Shortly after the June 22, 1955, rescue, two of the guardsmen, MSgt. Willis Walunga and SSgt. Clifford Iknokinok, received honorific letters and certificates from the Navy and National Guard. They were taken to Washington, D.C., and presented “Wings of Gold” with the Honorary Naval Aviator Program designation. They were only the second and third persons so honored after the program started in 1949.

The other 14 only received letters. “I don’t know why they didn’t include us,” Boolowon said of the Navy designation.

There were no other medals available to the men for their deeds because it wasn’t a combat mission, and the rescue was considered a peacetime affair.

“The families felt like that the members should have received a better award than a letter of appreciation,” said Verdie Bowen, the director of the state Office of Veterans Affairs. “The best one that we could find that fit this feat of valor was the state of Alaska’s Heroism Award,” he said. It honors Alaska National Guard members who distinguish themselves by heroism, meritorious achievement or going beyond the call of duty.

Boolowon was with Iknokinok, Walunga and others in the first boat to arrive at the crash site, where they found the men.

He said they weren’t scared it was a Soviet aircraft because they were familiar with the U.S. plane from its frequent maritime patrols out of Naval Air Station Kodiak. On this mission, the plane was looking for icebergs and navigational aids in the Bering Strait. The wreckage of the plane still sits 8 miles (12.9 kilometers) from the village.

Boolowon and two other men from the first boat went to Gambell to get medical supplies, stretchers and more help. Another boat arrived, and the guardsmen eventually took the men to the village for treatment by a local nurse at a clinic and a church until a transport plane arrived about 12 hours later to take them to Anchorage. Seven of the injured were later flown to California to recuperate.

The June 22, 1955, attack was labeled a possible “mistake” by embarrassed Soviet leaders and came at a problematic time for the Soviet Union. A summit to de-escalate Cold War tensions was planned the following month in Geneva with President Dwight Eisenhower, Soviet Premier Nikolai Bulganin and the prime ministers of Great Britain and France.

After learning the plane was shot down, Eisenhower directed Secretary of State John Foster Dulles to meet with Soviet Foreign Minister Vyacheslav M. Molotov during the 10th anniversary meeting of the United Nations in San Francisco.

Molotov was unaware of the incident but promised an investigation.
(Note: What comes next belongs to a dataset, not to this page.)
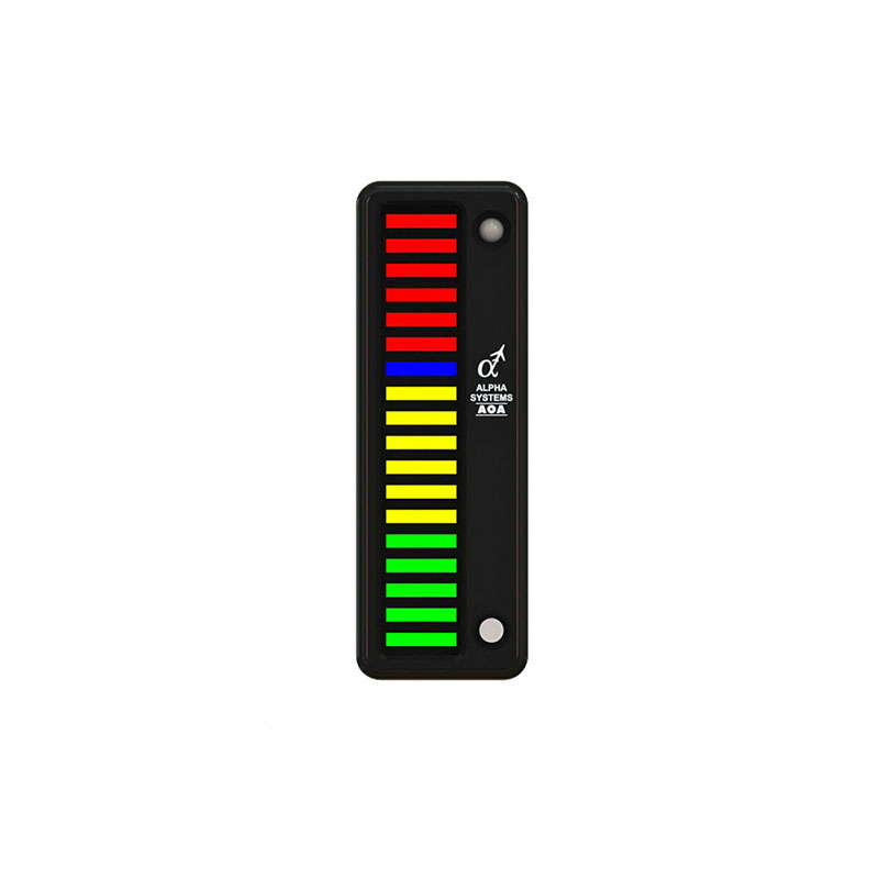 The Falcon kit has a vertical light bar style display. With the vertical light bar display, when you come in for a landing you want to fly to the blue LED (on speed for landing). Should you come in with too low of an angle of attack, the display will illuminate into the yellow, telling you to put your nose up. Should you come in with too high of an angle of attack, the display will illuminate red, telling you to put your nose down. This kit comes with the Switch Panel Pre-Mounted in the Above Dash HUD (Heads Up Display) adapter kit.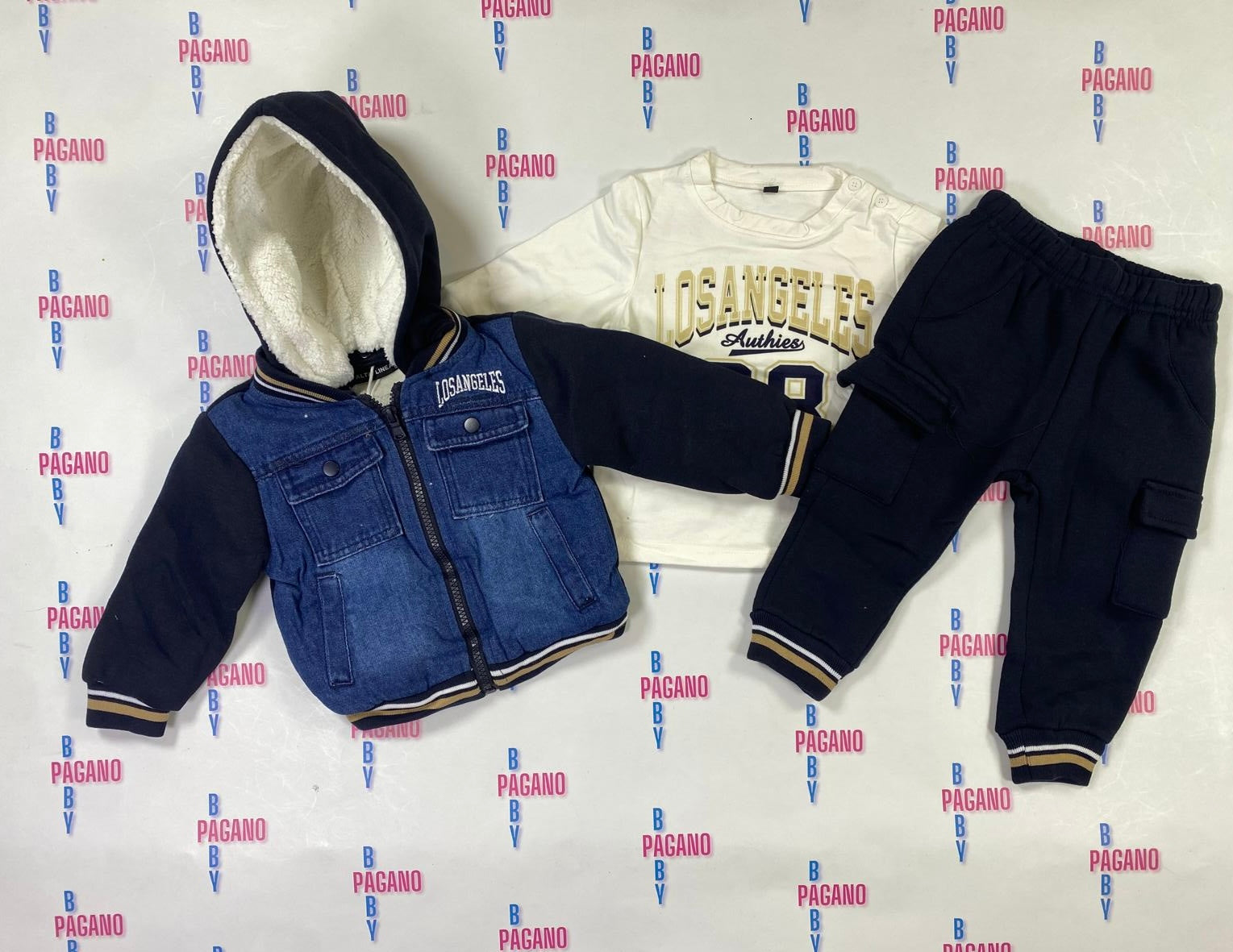 Set LOSANGELES AUTHIES tre pezzi, con pantalone in cotone felpato, lupetto e giubbotto in jeans imbottito con pelliccia!

The Kremlin wired Molotov his instructions, which included presenting Dulles “with a conciliatory note that admitted the incident could have been ‘due to a mistake,’” David Winkler, the historian at the Naval Historical Foundation, wrote in his 2017 book “Incidents at Sea: American Confrontation and Cooperation with Russia and China, 1945-2016.”

It was the first time the Soviets both ever expressed regret and paid reparations, Winkler told the AP last summer, and the summit went on as planned. The Soviets agreed to compensate the U.S. for the plane, sending just over $35,000 (about $400,000 today) in reparations. The money was split among the crewmen.

In the early 1990s, Assard travelled to Gambell to thank them and presented the village with a bronze plaque.

“We were very fortunate in landing on an American island and being found by American Eskimos,” Assard, the flight navigator who is now deceased, told the Anchorage newspaper in 2015. “They couldn’t have been more gracious.”

The other 13 guardsmen posthumously awarded medals were Pfcs. Holden Apatiki, Lane Iyakitan, Woodrow Malewotkuk, Roger Slwooko, Vernon Slwooko and Donald Ungott; Sfc. Herbert Apassingok; Sgt. Ralph Apatiki Sr.; Cpls. Victor Campbell, Ned Koozaata and Joseph Slwooko, and Pvts. Luke Kulukhon and Leroy Kulukhon.

JoAnn Kulukhon accepted medals on behalf of her two uncles and plans to prominently display them in her home. “I’m so proud of them,” she said. “I know they’re happy.”

As for receiving his own medal, Boolowon said the recognition is simply for work well done.

“I’m glad we did our duty as a guardsman,” he said.